Dass es den Autoren gelingt, jeder Figur eine starke Story auf den Leib zu schreiben, ist dabei beeindruckend. So berührt die Geschichte um die Familie Groff. Adam will nicht mehr zur Schule gehen und beginnt ein Praktikum auf einem Pferdehof. Sein Vater Michael, nun einfacher Lehrer auf der neuen Schule, bemüht sich weiter, sich von einem Ekel zu einem liebevollen Ehemann und Vater zu werden. Ruby muss lernen, dass sie auf der neuen Schule nicht mehr der uneingeschränkte Star ist. Aber das Herzstück der Serie bleibt die komplizierte Liebe zwischen Otis und Maeve, die wundervoll weitergeht und dem Publikum die Tränen in die Augen treibt (ob vor Rührung oder Mitleid soll hier nicht verraten werden). Mackay und Butterfield sind einfach grandios gut zusammen.

Sex Education Staffel 4
Jean ist mit Tochter Joy leicht überfordert, will das aber nicht zugeben. Otis muss handeln.

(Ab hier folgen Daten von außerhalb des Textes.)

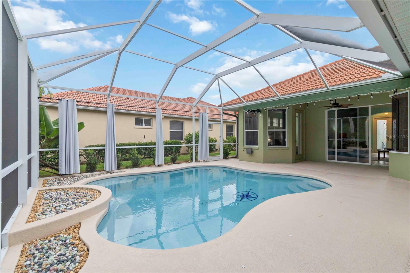 Beautifully maintained Lee Wetherington executive pool home located in the sought-after community of Tara Preserve. This versatile 4-bedroom, 3-bath residence showcases elegant finishes and thoughtful upgrades throughout. Step through leaded glass doors into a bright, welcoming foyer adorned with designer tile. Enjoy serene views of the resurfaced saltwater pool (2023), a covered lanai with awning (2021), lush new landscaping (2025), and a peaceful private preserve beyond—offering the perfect backdrop for relaxation and entertaining. Designed for both comfort and functionality, the home features formal living and dining areas, a spacious family room with sliding glass doors, and a well-appointed kitchen with multi-level maple cabinetry, Corian countertops, center island, breakfast bar, gas cooktop, Advantium microwave, built-in desk, and an aquarium window in the breakfast nook overlooking the pool. The luxurious primary suite offers a sitting area, dual walk-in closets, double vanities, a walk-in shower, and a garden tub. Additional features include a new Lennox HVAC system (2023), gas pool heater, saltwater pool pump and generator (2024), on-demand gas water heater, tray ceilings, crown molding, art niches, and a desirable split-bedroom layout for added privacy. Residents of Tara Preserve enjoy resort-style living with no mandatory golf membership, featuring an 18-hole championship golf course, heated community pool and spa, lighted tennis and pickleball courts, clubhouse, and more. With a low annual HOA of just $1,052 and a prime location near top-rated shopping, dining, entertainment, and the Gulf Coast’s beautiful beaches, this home offers the perfect blend of luxury, efficiency, and lifestyle.

Wie bei jeder außergewöhnlichen Serie hat man am Ende das Gefühl, dass sie zu früh endet. Da wären doch noch so viele Geschichten zu erzählen, so viel ist ungesagt oder verdiente eine Fortsetzung. All das ist richtig. Und doch finden die Autoren einen Moment, der sich als Schlusspunkt eignet. Und das Publikum auf einem rekordverdächtigen emotionalen Niveau verabschiedet. Keine Frage, die Serie wird ein Hit bei Netflix bleiben in den kommenden Jahren. Denn Maeve, Otis, Eric und die anderen wird kaum ein Fan von Sex Education so schnell vergessen. Waren sie doch, wenn nicht sogar Freunde, dann zumindest gute Bekannte, um deren Schicksal man sich eben Gedanken macht. Eine Serie, die das schafft, darf sich zu Recht großartig nennen.

Fazit:

Taschentücher raus, letzte Folge läuft! Mit Sex Education Staffel 4 halten die Macher der Serie das hohe Niveau mühelos. Und präsentieren den Fans acht weitere Folgen mit der unwiderstehlichen Mischung aus Drama und Humor. Erneut erfüllen die großartigen Schauspieler wie Gillian Anderson, Asa Butterfield, Emma Mackay und Ncuti Gatwa mühelos die stark geschriebenen Handlungsstränge mit Leben. Darüber hinaus schafft die Serie aber auch die Vision von einem Zusammenleben, das von gegenseitigem Respekt füreinander geprägt ist. Das ist so schön und wirkt dabei so realistisch, dass die meisten Zuschauer sich wohl sofort an dieser Schule anmelden würden. Ein Edelstein von einer Serie, der auch in Jahren noch funkeln wird.

Sex Education Staffel 4 startet am 21. September 2023 bei Netflix.